My younger daughter (“C”) and I were talking a few months ago about Y2K. She had a vague idea what it was about, unaware that I was at work all night in the basement of our old Emergency Operations Center. Indeed, our senior management team spent the night in the EOC, playing cards and watching the lack of emergency unfold around the world. She has no recollection that I was at work. I take that as a win.
But mom was at work – as were all of you in local government – when it felt like the rest of the world was home. We worked on Y2K. We worked late into the night on September 11, 2001. We worked through the worst of the Pandemic. We worked on Memorial Day, on Veterans Day. We worked parades, high school games, rallies, and of course, meetings.

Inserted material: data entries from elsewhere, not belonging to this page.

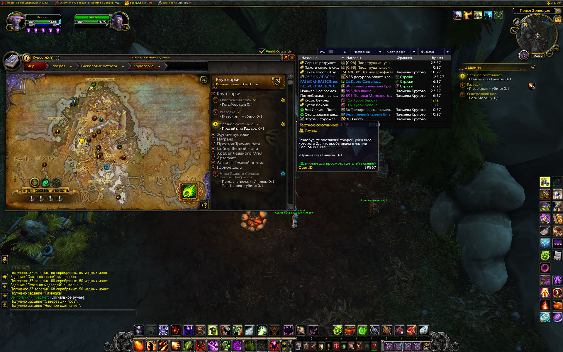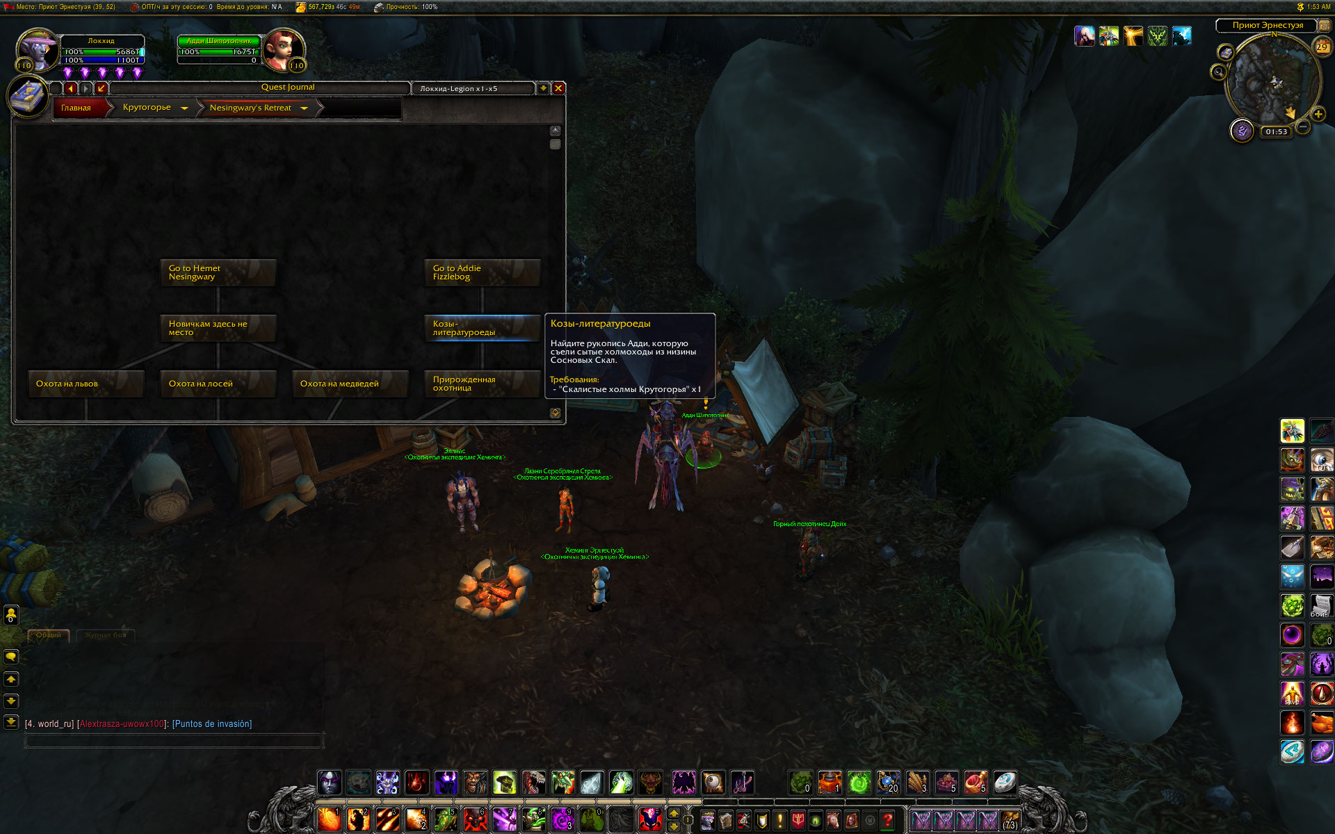 По быстрому пробежался и выполнил обе цепочки (50 мин на все) В процессе делал скриншоты, некоторые добавлю сюда. В общем есть три направляющих квеста, выполнение любого из них открывает доступ к цепочкам. В игре нашел два из них, третий даже не стал искать, смысла нет. это квесты https://ru.wowhead.com/quest=40217 и https://ru.wowhead.com/quest=39417 один отправляет к полетке Эрнестуэя с тотема, второй из лагеря где будет начало второй цепочки, если не сделана первая. после сдачи направляющего квеста открываются сразу два, после которых выдаются и остальные. зависимости, прорисованные в аддоне в общем то соблюдаются. Смотрите скриншоты. И можете сделать у себя скрины цепочек из аддона для сравнения. Дополнение - чтобы стал доступен квест https://ru.wowhead.com/quest=40244/%D1%81%D1%82%D1%80%D0%B0%D0%BD%D0%BD%D1%8B%D0%B9-%D1%82%D0%B8%D0%BF-%D0%B2-%D1%81%D1%82%D1%80%D0%B0%D0%BD%D0%BD%D0%BE%D0%BC-%D0%BA%D0%BE%D1%81%D1%82%D1%8E%D0%BC%D0%B5 и вся цепочка мурлоков нужно выполнить предварительно цепочку Эрнестуэя, которая начинается, например с квеста https://ru.wowhead.com/quest=39417 или https://ru.wowhead.com/quest=40217 http://tracker.legionbugs.com/file_download.php?file_id=13569&type=bug http://tracker.legionbugs.com/file_download.php?file_id=13570&type=bug |
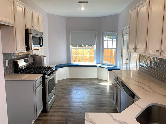 Charming 3 bedroom 2 bathroom garden home with a white picket fence. Property overlooks a beautiful park with lots of trees, park benches and a gazebo. Kitchen features marble counters, white cabinets, custom tile, and an attached dining area with built in bench seating. Private upstairs master suite features lots of natural light and an updated bathroom with dual vanities and separate tub and shower. Nicely landscaped side yard and fenced front yard offer lots of space to entertain. Garage features a large storage area. Just minutes from DNT and Downtown Plano. Walking distance to highly rated schools including Robinson Middle and Gulledge Elementary. Bring your picky clients!
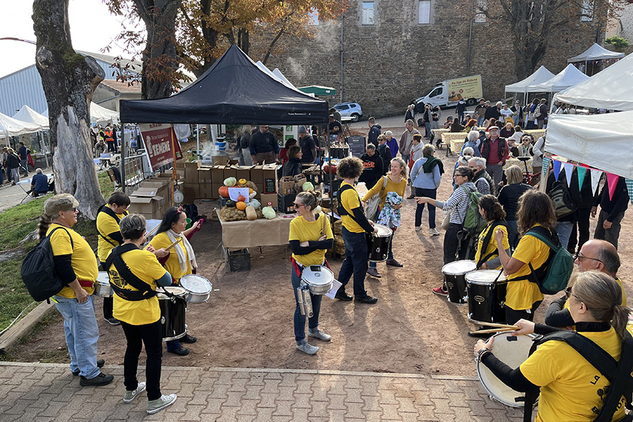 • En début de marché, La Batucada de l’École de musique de Pélussin éveille la foire.
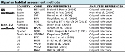 [[File:TableRef2.png|center|thumb|400px| Table 1. Analyzed references for methods of riparian habitat assessment.]]
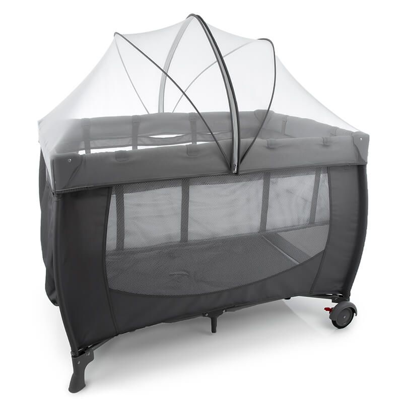 O berço portátil completo: 2 opções de altura, mosquiteiro arcado com zíper, trocador, rodas e abertura lateral para usar por mais tempo, como se fosse uma “toquinha”.
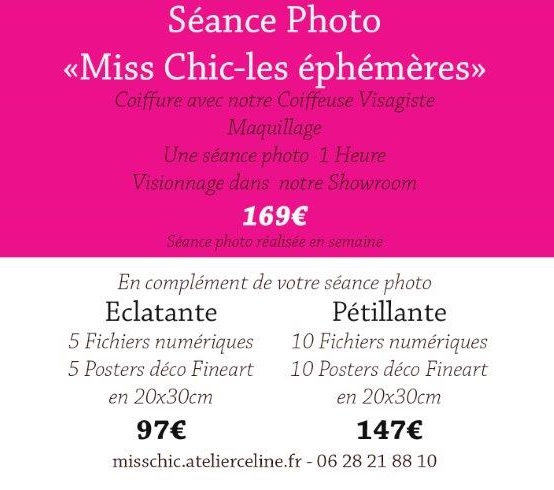 Parce que nous avons toutes besoin de nous retrouver en tant que femme, l’Atelier vous propose de venir tenter l’aventure avec la séance photo « les Éphémères » : à votre arrivée à l’Atelier, notre coiffeuse visagiste sera là pour vous coiffer, puis vous passerez sous les pinceaux de la maquilleuse avant de poursuivre avec une séance d’1 heure, pour seulement 169 €. A l’issue de la séance, nous vous donnons RDV quelques heures plus tard pour le visionnage de vos photos dans notre showroom avec deux offres exceptionnelles : Éclatante et Pétillante (description ci-dessous en image).
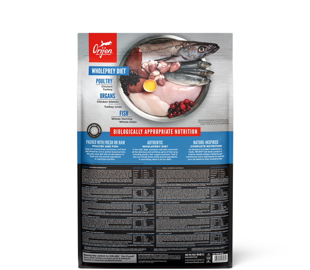 Hrana Orijen Original je primerna za vse pasme psov vseh starosti. To pomeni, da lahko s hrano hranite tako mladičke kot odrasle in starejše pse. Hrana vsebuje visokokakovostne sestavine iz perutnine in rib.
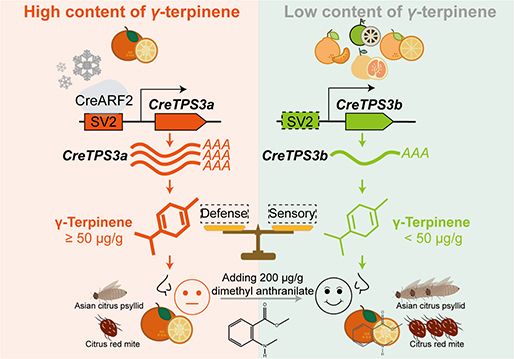 柑橘是全球最重要的果树类作物,在我国具有丰富种质资源。与粮食作物相比,柑橘果实积累了极高水平的挥发性萜类物质,不仅决定其独特风味,还深度参与防御性机制。其中,γ-松油烯赋予柑橘特有的“橘香味”,但其合成与调控的分子基础尚不清楚,限制了我们对柑橘风味和抗性改良的深入理解。
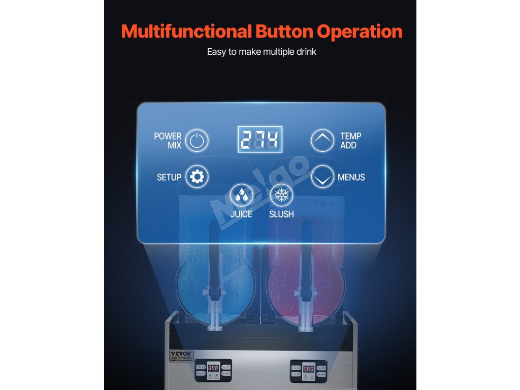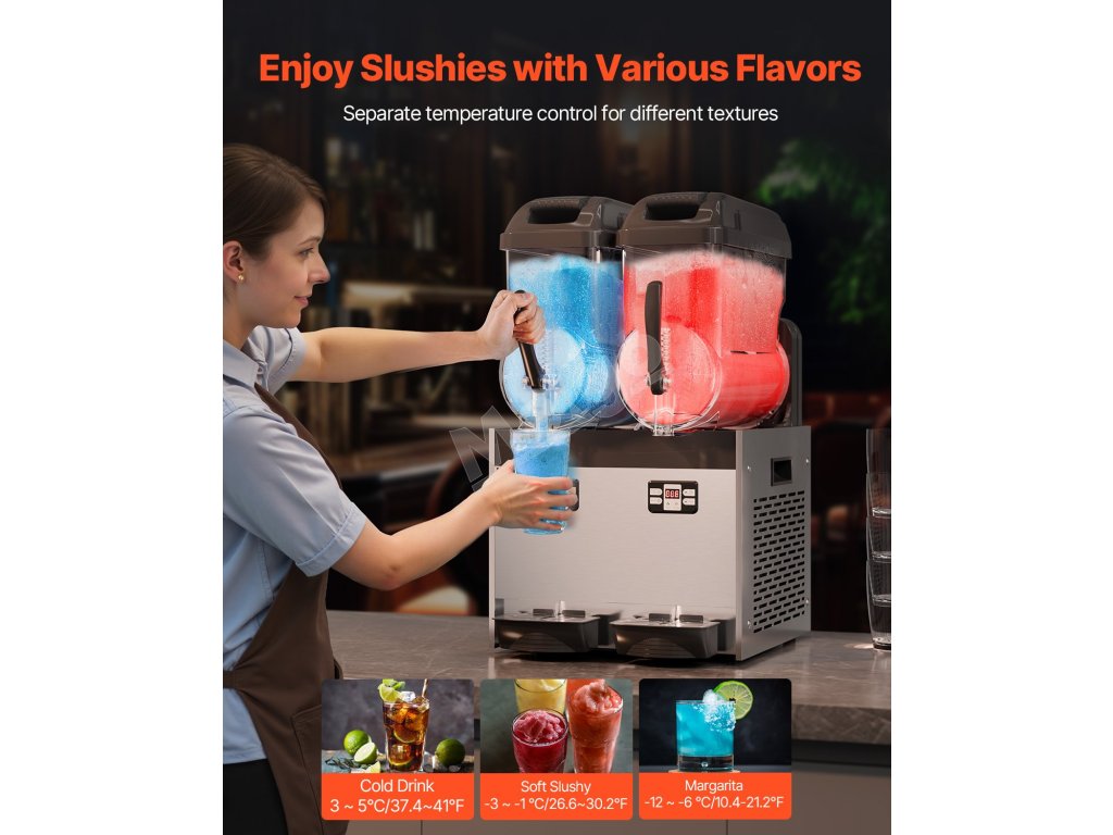 Vylepšený stroj na výrobu slushy poskytuje rozsah nastavenia teploty 5 ~ 59℉ / -15 ~ 15 ℃, takže je vhodný na prípravu rôznych nápojov vrátane džúsov, ľadovej kávy, čaju a dokonca aj margarity.

I started calculating how many Select Board meetings I have attended over the last 21 years: more than 600 nights when mom was at work. And that doesn’t count the 11 years that I was a department head and Assistant Manager, or any meetings of the Finance Committee, Personnel Board, Planning Board, Building Committee, etc. And we cannot forget Town Meeting – that accounts for at least 4 or 5 nights per year. I missed one night of Town Meeting in all of those years, when I was about 11 months pregnant. I can recall missing only a handful of Select Board meetings – a few conferences out of State, seeing Flogging Molly on my husband’s birthday, my father’s wake, and watching C play “Old Joe Clark” on the violin at a third grade school concert. Generally speaking, I was at work.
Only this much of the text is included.